Let me review briefly the objectives of monetary policy during my
brief tenure in Washington. During this time we've been endeavoring
to do several things: to slow the growth rate of money and credit; to
slow the growth rate of the economy so that it is more consistent with
a sustainable pattern free of inflationary forces; to change the rate
of speed smoothly, avoiding disruption and dislocation; to maintain a
balanced economy, avoiding an uneven burden of restraint such as was
placed on the housing market in '74; to avoid recession as we apply
the restraint; and to coordinate with other government economic policies,
recognizing the disadvantages of letting monetary policy fight inflation
alone.
Monetary policy cannot do the job alone.
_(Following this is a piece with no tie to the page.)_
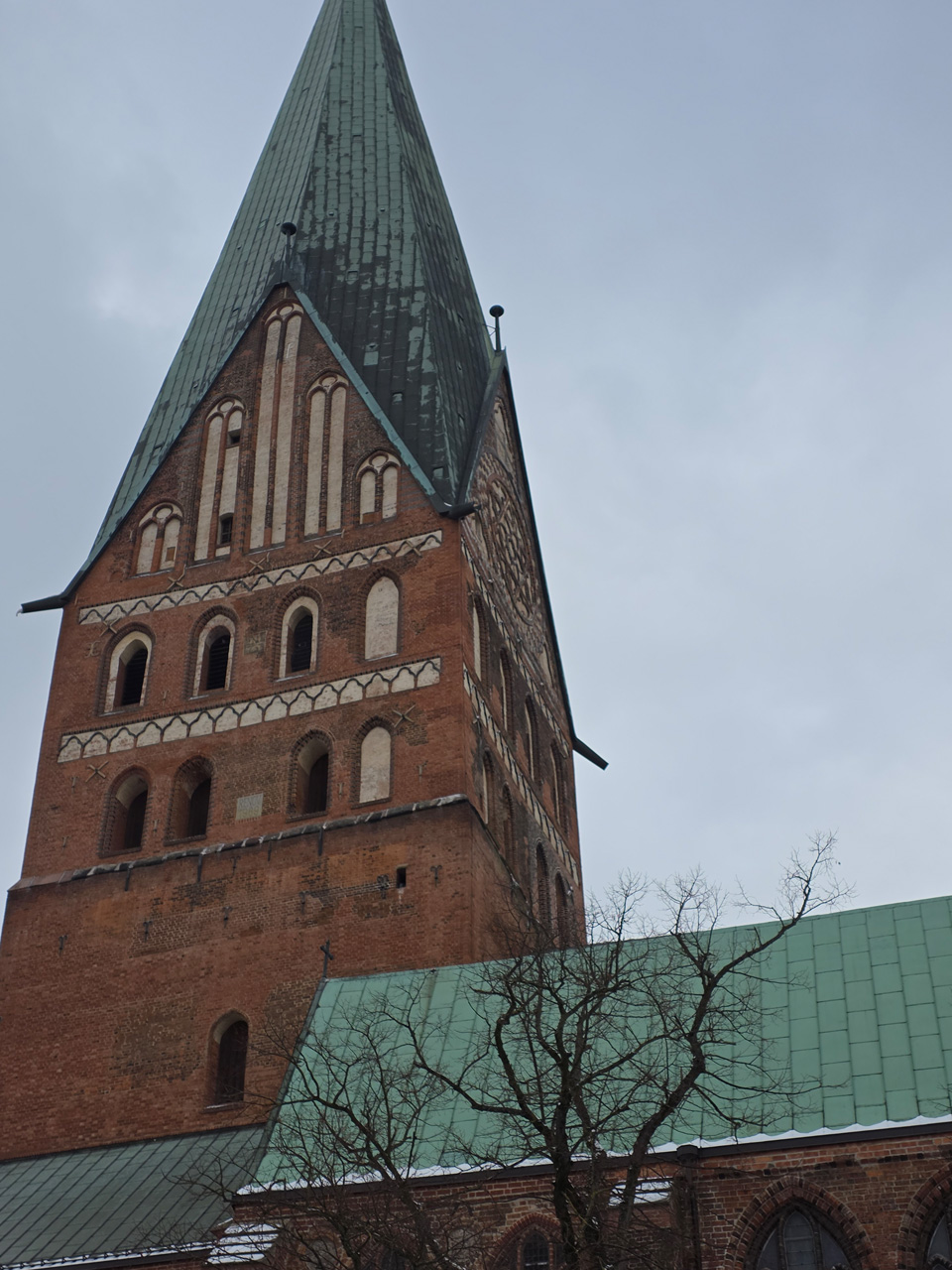 Gegen Mittag sind wir wieder losgezogen. Dieses mal sind wir als erstes zu der St. Michaeliskirche gegangen. Die war offen und so konnten wir Erinnerungen auffrischen. Von da aus sind wir zum Rathauskomplex gelaufen. Dieser Gebäudekomplex ist durch seine unterschiedliche Architektur sehr interessant und man kann dort immer wieder neue Details entdecken. Vom Rathaus und dem Marktplatz sind wir zum Stintmarkt gegangen, vorbei an der Ratsmühle. Dieser Gebäudekomplex wird heute als Hotel genutzt. Um den Stintmarkt herum sind besonders viele Gaststätten, die zu unserem Erstaunen fast alle gut besetzt waren. Von hier aus ging es zurück zu dem größten Platz von Lüneburg, am Sande. Dort sind wir in die St. Johanniskirche gegangen. Auch diese Kirche hat eine lange Historie und birgt viele Kunstschätze. Vom am Sande aus ging es über die Heiligengeiststraße zurück zu unserem Womo. Im EDEKA hatten wir einen Zwischenstopp um für unser Abendessen einzukaufen. Heute macht mein Sonnenschein nämlich Beamtenstippe, eins meiner Lieblingsessen.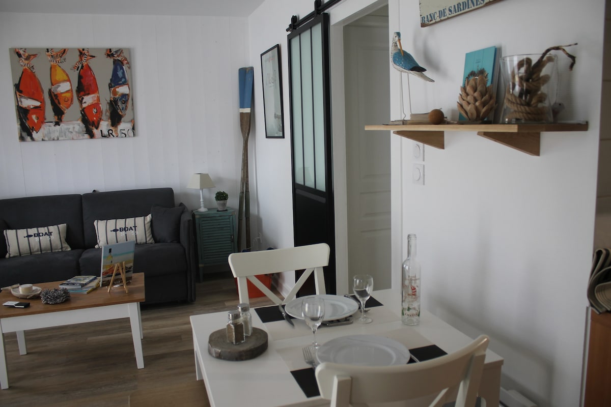 Auténtica casa de pescadores clasificada 2* a 2 pasos del puerto, del mercado cubierto y de los comercios. Camas hechas a su llegada, ropa de cama incluida. El encanto de esta casa se retaise a la ubicación privilegiada. Se beneficiará de 2 habitaciones grandes con ropa de cama (140x190), un cuarto de baño con Velux eléctrico. Bajo petición y sin cargo adicional, cuna, bañera y trona para bebés Una barrera de seguridad para las escaleras.

If we were left as
the only restraining influence during a period of stimulative fiscal
policies then the degree of monetary restraint would have to be so
severe as to bring the economy to its knees. On the other hand, should
the Federal Reserve decide to accommodate inflation by printing the
money to validate it, then we could postpone that kind of crunch on
the economy; but it would come later and more severely. And so it is
imperative that we walk a narrow path, find a balance between lack of
restraint and excess restraint. And it is imperative that we unleash
the entire capacity of our economic system to deal with inflation,
rather than rely solely oti monetary p~licy.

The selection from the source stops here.